Exercise> Below are records; give the number of their lines that contain "made", and only that number.

### Dataset entries ###

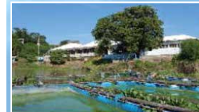
Binangonan Freshwater Station
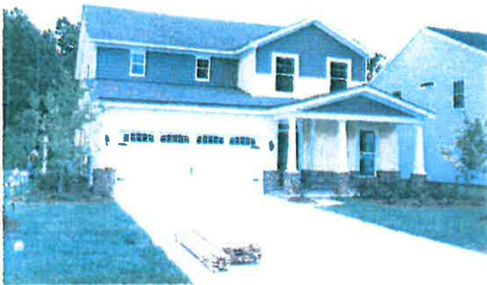
FRONT VIEW 7/26/2012
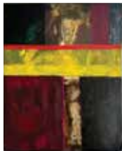
#3 Verona, 2022 Oil, plaster, wood 14 x 12" x 1.5" 2,400
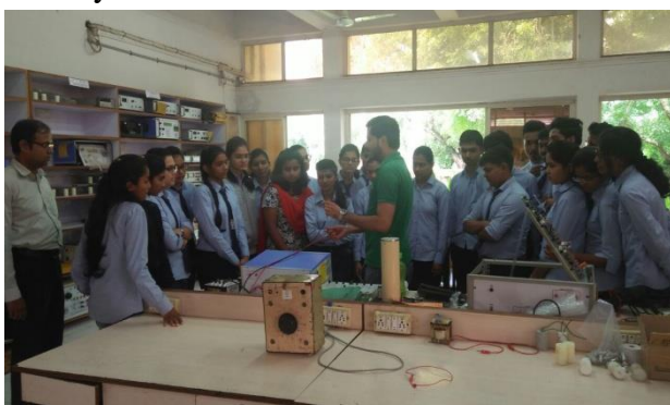
Staff & Students of the department during the visit

Department of Computer Engineering organized an Industrial visit for the second year students at Sivanand Electronics, Nashik. Sivanand Electronics is specialized in the manufacturing of Test & measuring Instruments, Metal Detectors, Turnstiles, Perimeter security systems. Students observed the demonstrations of Oil testing hardware, security hardware like metal detector and security entrance.
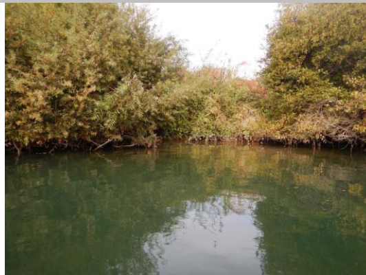
USACE 2018 Erosion Photo #1
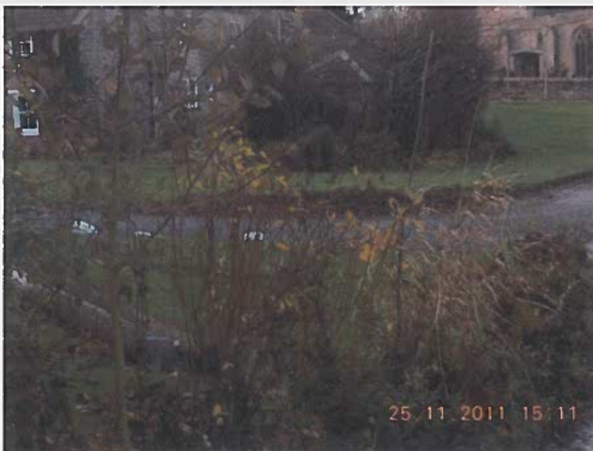
25 Nov 2011 – planting to edge of our front
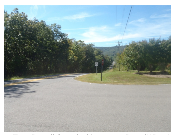
From Parnell Court looking west at Logmill Road

Preliminary Engineering - $488,000 Right of Way and Utility Relocations - $200,000 Construction - $2.5 million
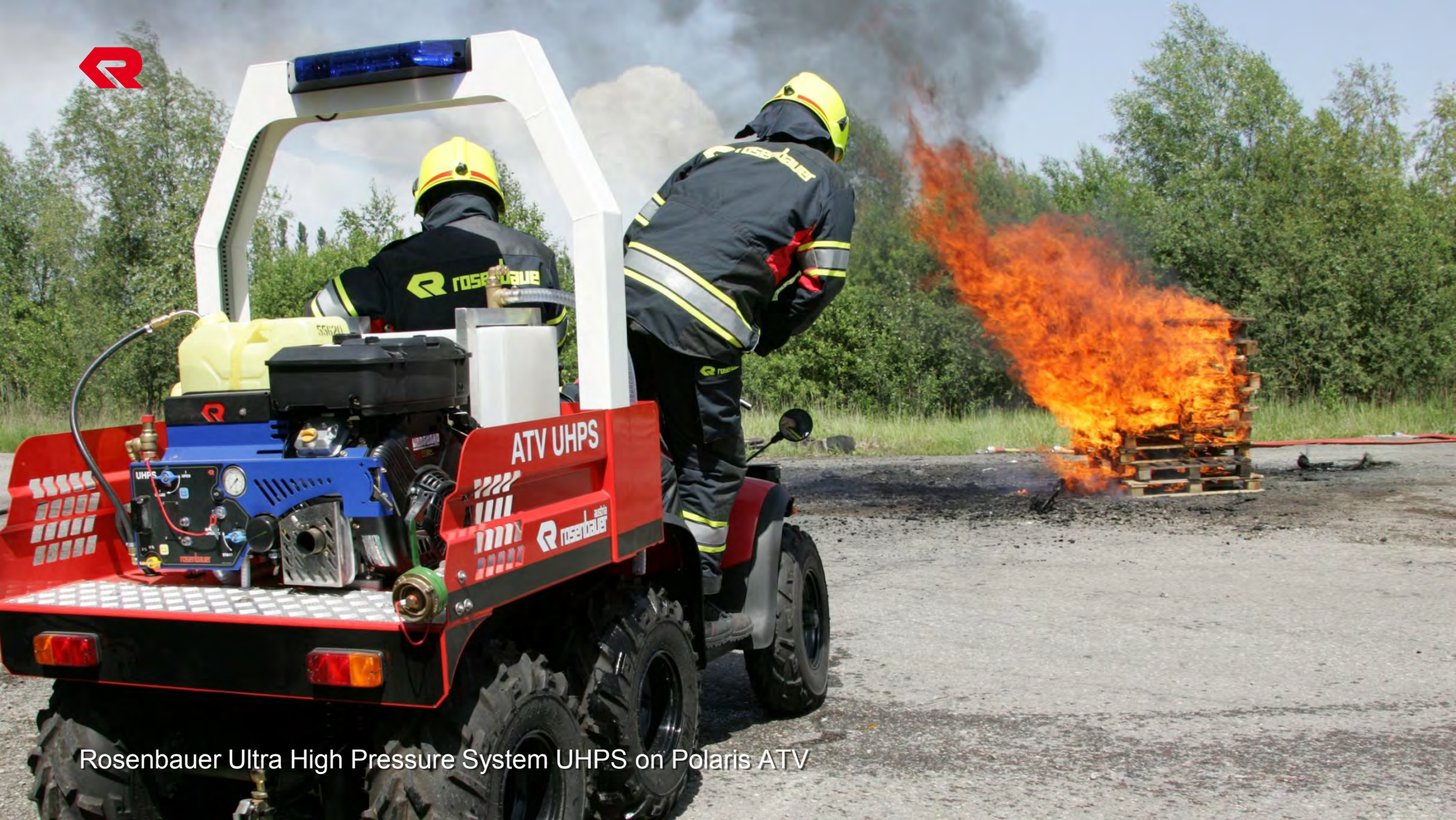
Rosenbauer Ultra High Pressure System UHPS on Polaris ATV
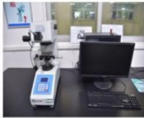
HARDNESS TESTER 硬度测试仪
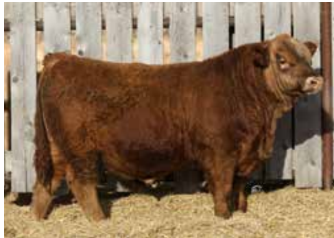
Pheasantdale Mr. Rambler 55J Maternal Sibling
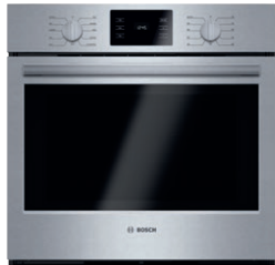
HBL5451UC Stainless Steel

The Bosch wall oven features Genuine European Convection and heavy metal stainless steel knobs .
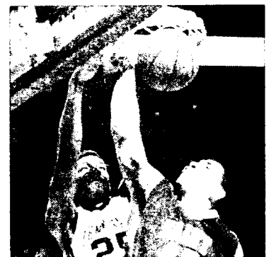
Brooks (left) slams one down.

Following a steal by Battle, Brooks took flight down the court and caught Battle's pass in stride. Brooks took two steps, rose,
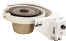
Bearing repeater compass with 360° card in a stand with azimuth device PV 23 Total weight: 16.1 kg
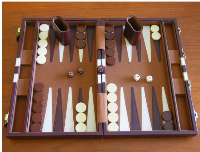
Modern Shesh-Besh (backgammon) board
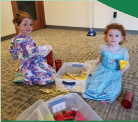
Family Spiel and Carnival
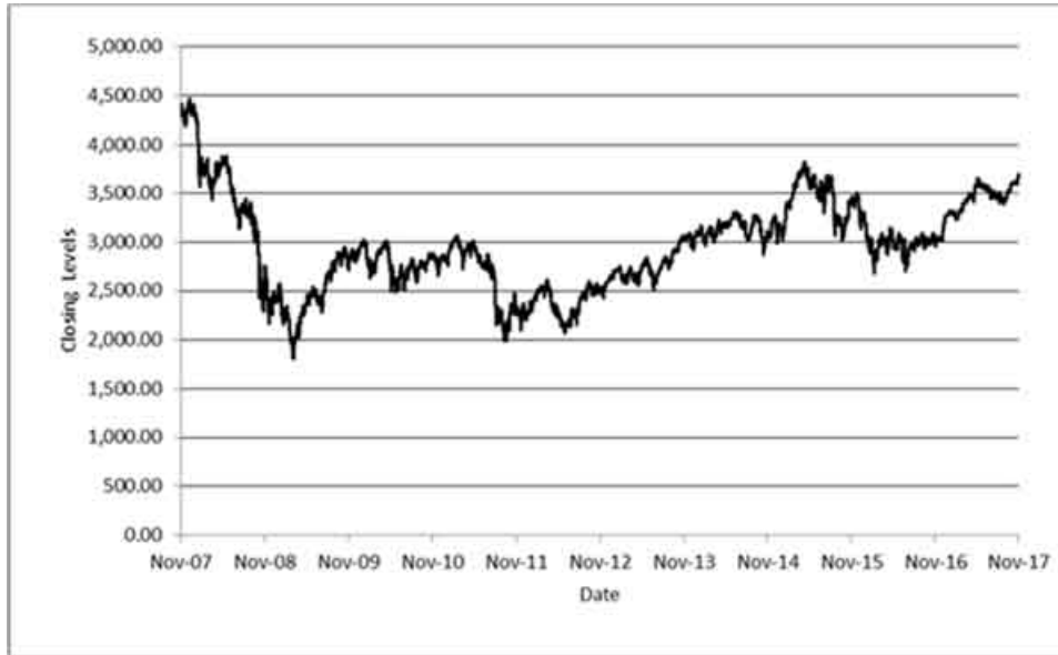
Historical Performance of the EURO STOXX 50® Index

The following graphs show the daily historical closing levels of the SX5E, the UKX, the TPX, the SMI and the AS51 from November 27, 2007 through November 27, 2017. The graphs are for illustrative purposes only. We obtained the closing levels of the Basket Underliers in the graphs below from Bloomberg Financial Services, without independent verification.
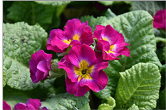
Pacific Giant Purple Primrose flowers

Pacific Giant Purple Primrose is recommended for the following landscape applications;
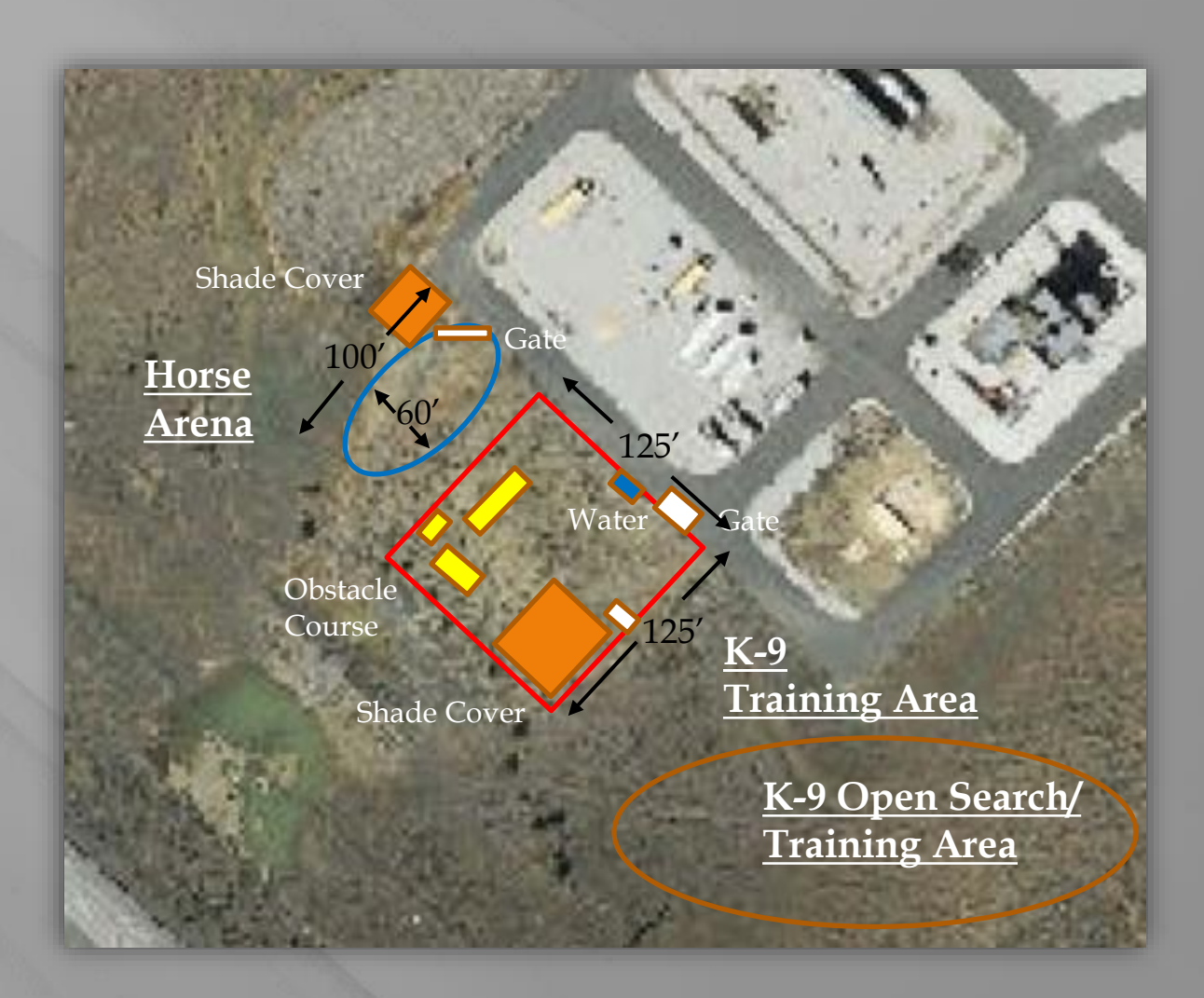
K-9 Training Park & Mounted Unit Staging Area
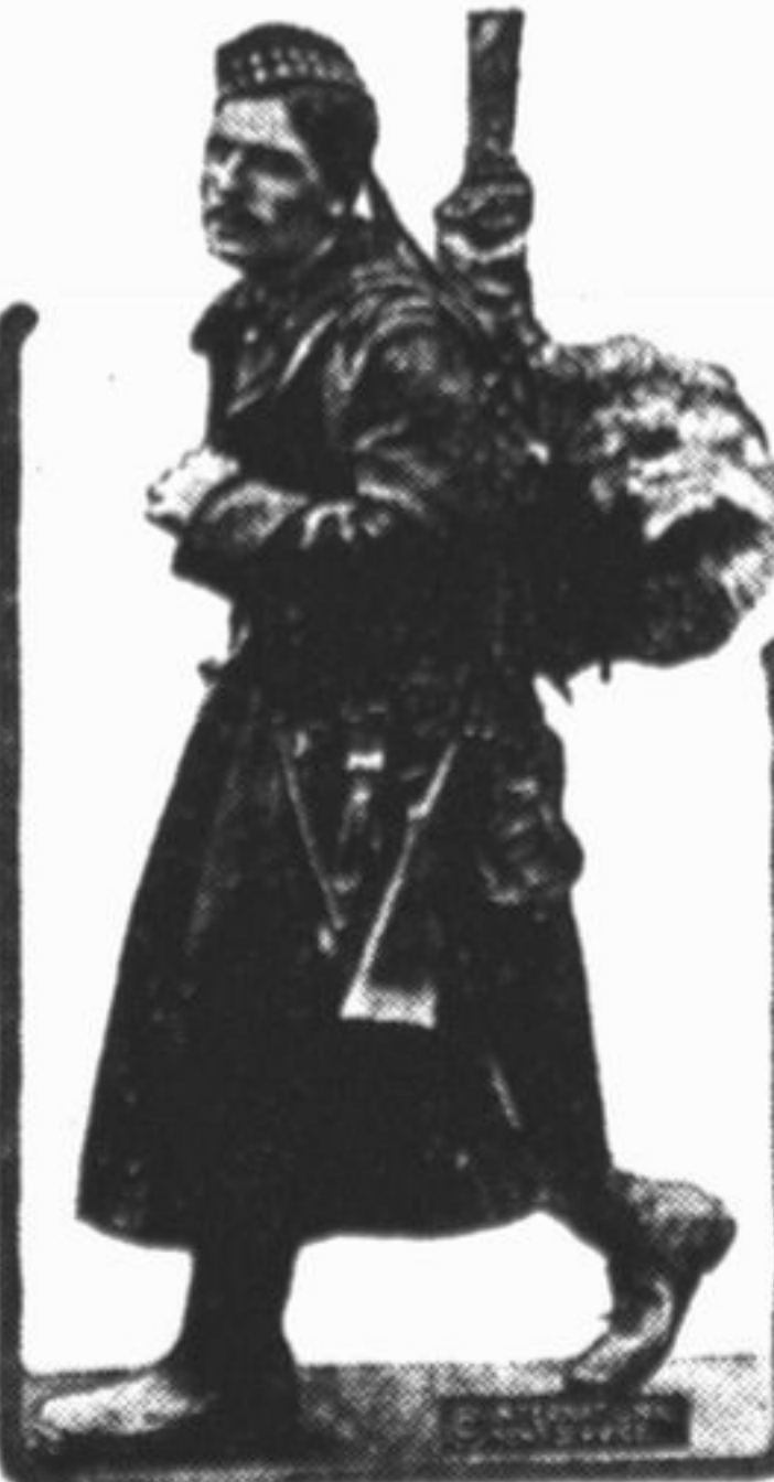
Elaborate preparations for another winter of warfare have been made by all the armies in Europe.
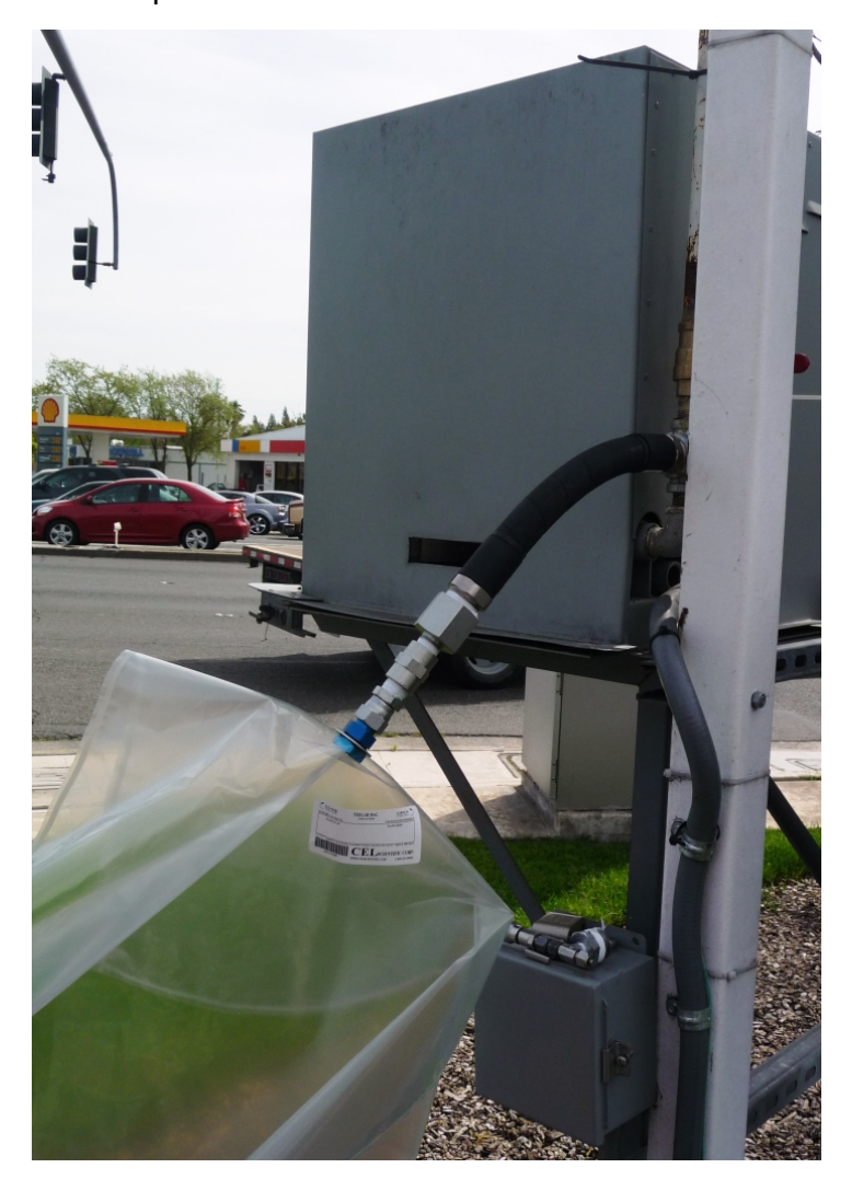
Figure 10: Tedlar Bag attached to Green Machine

5.7 Press F4 on the VST Green Machine Controller. DO NOT PRESS THE F4 BUTTON UNTIL THE BAG IS ATTACHED TO THE GREEN MACHINE AND READY TO COLLECT THE SAMPLE. During the RUN cycle, the Tedlar bag should inflate while the sample is gathered. After the RUN cycle, record the time at the end of the collection in the appropriate place on the form at the end of this procedure. The VST Green Machine will begin the PURGE cycle next. Once in the PURGE cycle, attach the NOVA portable H/C analyzer to the Tedlar bag.
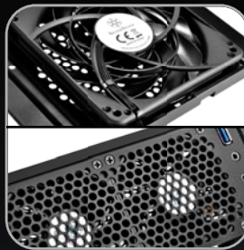
Includes one 120mm fan and support up to two 80mm fans
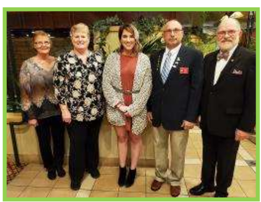
The Kansas Bulletin
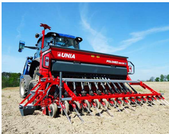
POLONEZ 550 MECHANICAL SEED DRILL
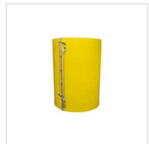
PE-500 Regular Section
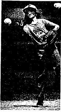
A graceful move is made from the pitcher's mound by Shawn Armstrong.
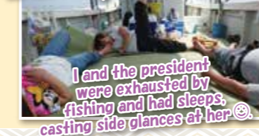
I and the president were exhausted by fishing and had sleeps, casting side glances at her.
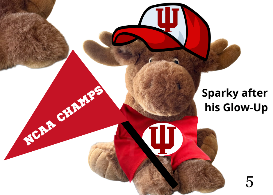
Sparky after his Glow-Up
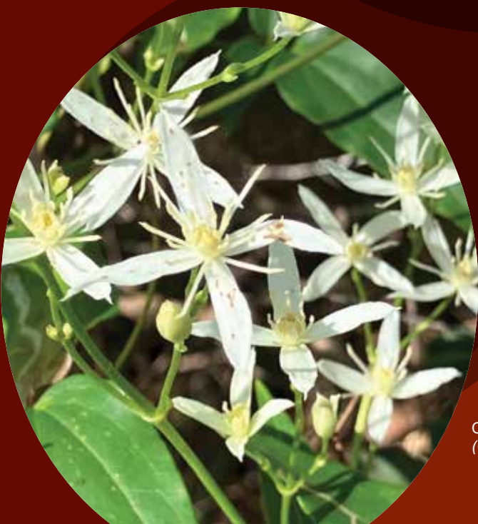
Clematis ( Clematis glycinoides )

###

Response to this exercise> 2